Local Activist Literally Knocked Down Walls to Create a Safe Space

A group of participants at the Concerned Citizens Community Center.
By Gregory Burnett
On this particular afternoon, community activist Anita Gardner, was organizing her color palettes. Gardner, who grew up on Quebec Road in Cleveland’s Fairfax neighborhood, has enjoyed doing artwork since she was a child. She paints with watercolors as well as oils. She’s now teaching herself dirty pour painting. One would never guess that it’s her love of art that’s helping save her beloved Mt. Pleasant community.
Gardner, 68, got her first job in the valve division of TRW back in the 1970s. That was around the time when there appeared to be a surge in middle class African Americans, mostly due to the vast number of industry jobs that were available at the time such as, TRW, Ford Motors, GM, as well as the post office and RTA.
Those were the jobs that allowed many to flee areas that had been ravaged by the riots of the 1960s to middle-class black neighborhoods like Mount Pleasant, Lee-Harvard and East Cleveland.
Gardner was no different. She found her dream home on E. 113th St. off Union Ave. in Cleveland’s Mount Pleasant community and moved in around 1975.
“Everybody had a blue-collar job. It was upper middle class,” says Gardner. “Most worked for Ford, Chevy, Chrysler, TRW and Warner & Swasey. Everybody had a very good paying job. It was funny to walk out early in the morning to leave for work at 6 a.m. and see everybody’s car starting up, or people coming home from a third shift.”
A few years after moving into the Mt. Pleasant neighborhood, she was diagnosed with Chiari malformation. According to the Mayo Clinic, it’s a condition in which brain tissue extends into your spinal canal.
While she recuperated from her hospitalization for the disease, she began to realize that the once middle-class neighborhood she moved into more than 20 years ago had lost some of its charm.
“Neighbors started to pass away, jobs started leaving and the steel mills closed,” said Gardner. “Some were losing their jobs, and they were having to sell their homes. It didn’t help that the city of Cleveland was pouring money into downtown and not the neighborhoods at the time.”

After volunteering at a neighborhood school to teach art to students, she got involved with the Parent Teachers Association. Gardner heard disturbing stories from parents and grandparents about not having electricity, gas and phone service.
She started to envision a place where kids who needed a meal could get one, or where someone who may not have water could stop by and take a shower. There were enough abandoned buildings in the community that could be used for such a place, but most were owned by the Community Development Corporation (CDC).
“I took a trip down to the Cuyahoga Land Bank and demanded, loudly, for answers to why the (CDC) owns every building in the neighborhood,” she said.
After cutting through layers of bureaucratic red tape, she not only got a building, but two Cleveland councilmen gave $20,000 each. In addition, over $80,000 was raised by the Land Bank to help refurbish the building.
The Concerned Citizens Community Council’s center at 13611 Kinsman Road in Cleveland was born. The former home has two bathrooms and four bedrooms that were converted to use as a reading room, a place for mothers to take babies to nap and classrooms to teach art, crafts and sewing.
”We have toiletries like shaving products, soap and toothpaste. There’s a large bathroom for those needing a bath or shower. The center is open to anyone who wants to visit,” said Gardner.
It was open daily until the pandemic hit. Now it’s only open on Wednesdays from 9 a.m. to 4:30 Tutoring is available for kids by appointment only by calling (216) 215-0801.

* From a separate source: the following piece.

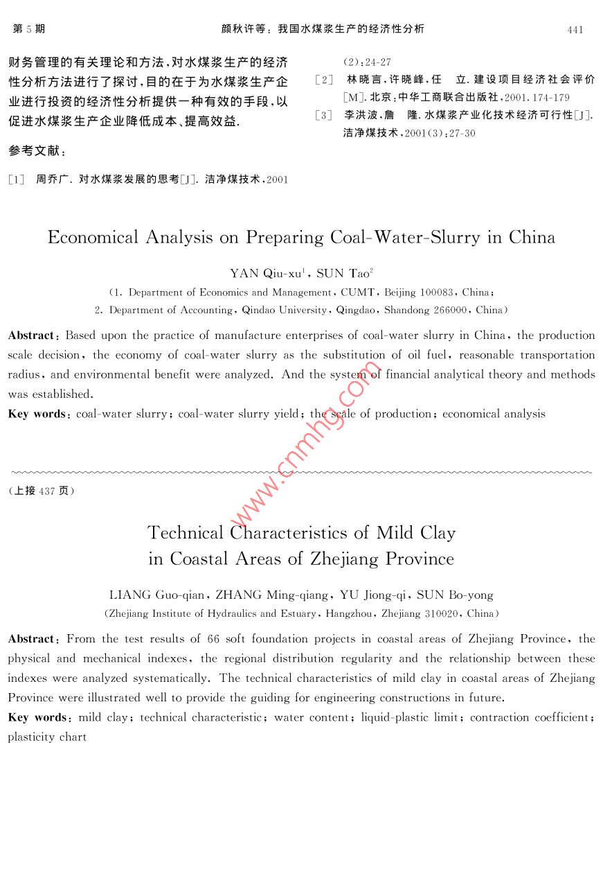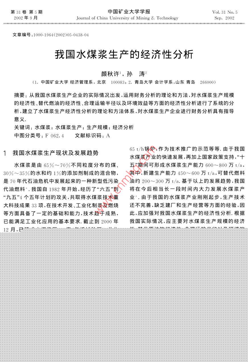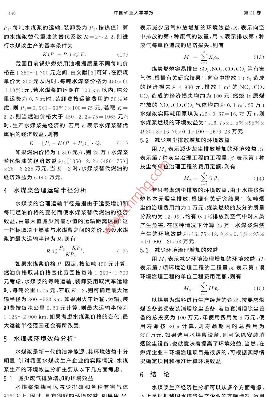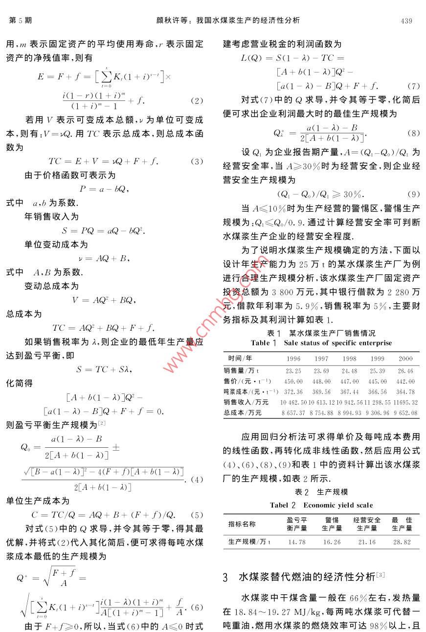 第31卷第5期中國礦業(yè)大學(xué)學(xué)報Vol 31 No 52002年9月Journal of China University of Mining & TechnologSep.2002文章編號:1000-1964(2002)05-0438-04我國水煤漿生產(chǎn)的經(jīng)濟(jì)性分析顏秋許,孫濤(1.中國礦業(yè)大學(xué)經(jīng)濟(jì)管理系,北京100083;2.青島大學(xué)會計學(xué)系,山東青島26600)摘要:從我國水煤漿生產(chǎn)企業(yè)的實(shí)際情況岀發(fā),運(yùn)用財努分析的理論和方法,對水煤漿生產(chǎn)規(guī)模的經(jīng)濟(jì)性、替代燃油的經(jīng)濟(jì)性、合理運(yùn)輸半徑以及環(huán)境效益等方面的經(jīng)濟(jì)性分析進(jìn)行了系統(tǒng)的分析,建立了水煤漿生產(chǎn)經(jīng)濟(jì)性分析的理論和方法體系,對水煤漿生產(chǎn)企業(yè)進(jìn)行財務(wù)分析具有指導(dǎo)意義關(guān)鍵詞:水煤漿;水煤漿生產(chǎn);生產(chǎn)規(guī)模;經(jīng)濟(jì)分析中圖分類號:F062.4文獻(xiàn)標(biāo)識碼:A1我國水煤漿生產(chǎn)現(xiàn)狀及發(fā)展趨勢65t/h鍋爐,作為技術(shù)推廣的示范等等由于我國水煤漿產(chǎn)業(yè)的快速發(fā)展,再加上國家政策支持,“十水煤漿是由65%~70%不同粒度分布的煤、五”期間可形成水煤漿生產(chǎn)能力600~800萬t/a,30%~35%的水和約1%的添加劑制成的混合物,其中,新建生產(chǎn)能力450~600萬t/a,可替代燃料是70年代石油危機(jī)中發(fā)展起來的一種新型低污染油約200~300萬t/a.基于以上的發(fā)展趨勢,我國代油燃料“.我國自1982年開始,經(jīng)歷了“六五”到將在今后相當(dāng)長一段時間內(nèi)大力發(fā)展水煤漿產(chǎn)“九五”4個五年計劃的攻關(guān),共取得水煤漿技術(shù)重業(yè).由于我國的水煤漿產(chǎn)業(yè)剛剛起步,生產(chǎn)技術(shù)大科技成果33項在技術(shù)開發(fā)、工業(yè)化制漿及燃燒還不完善,缺乏建廠和生產(chǎn)經(jīng)營等方面的經(jīng)驗(yàn),因等方面具備了一定的基礎(chǔ)和能力,技術(shù)趨于成熟,此,應(yīng)加強(qiáng)對我國水煤漿生產(chǎn)的經(jīng)濟(jì)性分析.根據(jù)已能滿足工業(yè)化應(yīng)用的基本要求截止到2000年我國實(shí)際情況,應(yīng)主要對水煤漿生產(chǎn)規(guī)模的經(jīng)濟(jì)12月,已建成水煤漿廠13座(包括試驗(yàn)廠),總生性、替代原油的經(jīng)濟(jì)性、合理運(yùn)輸半徑以及環(huán)境效產(chǎn)能力達(dá)309萬ta.我國水煤漿生產(chǎn)是根據(jù)能源益等方面進(jìn)行分析,確保水煤漿生產(chǎn)在經(jīng)濟(jì)效益的市場需求發(fā)展起來的,發(fā)展的主要動力是由于水煤前提下正常發(fā)展?jié){具有替代燃油較好的經(jīng)濟(jì)效益凵我國燃料油消費(fèi)量很大、199年電力行業(yè)用2水煤漿生產(chǎn)規(guī)模的經(jīng)濟(jì)性分析油1660萬t,石油、石化、化工的工藝加熱和原料如果用K表示固定資產(chǎn)投資,K,表示第t年用油1180萬t,建材窯爐燃油300萬t,鋼鐵窯爐的貸款額,為貸款利率,s為建設(shè)期,則按復(fù)利計和發(fā)電燃油264萬t.因此,水煤漿代油燃燒的主要算的建設(shè)期固定資產(chǎn)投資的本利和為市場在石油石化和電力行業(yè).目前,許多企業(yè)正在K進(jìn)行水煤漿改造和試燒工作,如茂名熱電廠K:(1+i)220t/h鍋爐改造,汕頭萬豐熱電廠220t/h燃油鍋為確定水煤漿生產(chǎn)的最低投資規(guī)模,假設(shè)水煤爐改造,西江電廠220t/h鍋爐改造,南海電廠3漿生產(chǎn)企業(yè)的年均生產(chǎn)能力為Q,每噸水煤漿的單臺67θ0t/h燃油鍋爐改造,北京燕山石化公司在建價為P,則年銷售收入為:S=PQ.水煤漿生產(chǎn)的總設(shè)好第一臺220th燃用水煤漿鍋爐的基礎(chǔ)上再成本可區(qū)分為固定成本和變動成本,若用E表示建一臺220t/h燃用水煤漿鍋爐,中原油田已將水煤漿生產(chǎn)企業(yè)的固定成本總額,F表示年均固定4t/h快裝鏈條爐改用燃燒水煤漿,計劃再改造資產(chǎn)折舊,f表示固定資產(chǎn)折舊以外的年均固定費(fèi)第5期顏秋許等:我國水煤漿生產(chǎn)的經(jīng)濟(jì)性分析439用,m表示固定資產(chǎn)的平均使用壽命,r表示固定建考慮營業(yè)稅金的利潤函數(shù)為資產(chǎn)的凈殘值率,則有L(Q)=S(1-2)-TCE=F+f=[∑(1+A+b(1-)]QLa(1-1)-BlQ+F+f.i(1-r)(1+i)(1+i)m-1f(2)對式(7)中的Q求導(dǎo),并令其等于零,化簡后若用V表示可變成本總額,ν為單位可變成便可求出企業(yè)利潤最大時的最佳生產(chǎn)規(guī)模為本,則有:=Q.用TC表示總成本,則總成本函Q2[A+6(1-)(8)數(shù)為設(shè)Q1為企業(yè)報告期產(chǎn)量,A=(Q1-Q)/Q1為TC=E+V=u+F+f.(3)經(jīng)營安全率,當(dāng)A≥30%時為經(jīng)營安全,則企業(yè)經(jīng)由于價格函數(shù)可表示為營安全生產(chǎn)規(guī)模為P= a-bo式中a,b為系數(shù).(Q1-Q)/Q1≥30%當(dāng)A≤10%時為生產(chǎn)經(jīng)營的警惕區(qū),警惕生產(chǎn)年銷售收入為規(guī)模為:Q1≤Q。/0.9.通過計算經(jīng)營安全率可判斷s= PQ= aQ-bQ水煤漿生產(chǎn)企業(yè)的經(jīng)營安全程度單位變動成本為為了說明水煤漿生產(chǎn)規(guī)模確定的方法,下面以式中A,B為系數(shù)設(shè)計年生產(chǎn)能力為25萬t的某水煤漿生產(chǎn)廠為例進(jìn)行合理生產(chǎn)規(guī)模分析,該水煤漿生產(chǎn)廠固定資產(chǎn)變動總成本為投資總額為3800萬元,其中銀行借款為2280萬V= AQ2+ BQ元,借款年利率為5.9%,銷售稅率為5%,主要財總成本為務(wù)指標(biāo)及其利潤計算如表1AQ+BQ+F+f表1某水煤漿生產(chǎn)廠銷售

Grant money from the St. Luke’s Foundation will defray the cost of summer sessions and $200 from a couple of Cleveland City Councilmembers will go towards food for those in need, while attending sessions at the center. Kids are not allowed to leave the grounds to go buy snacks and return. Gardner said the neighborhood is not safe as illustrated by the 14 murders at a nearby gas station since January.
Gardner was forced to leave her home on E. 113th Street. “I couldn’t get up and downstairs. I eventually had to give it up and now I live in a building two streets over from the center,” she said.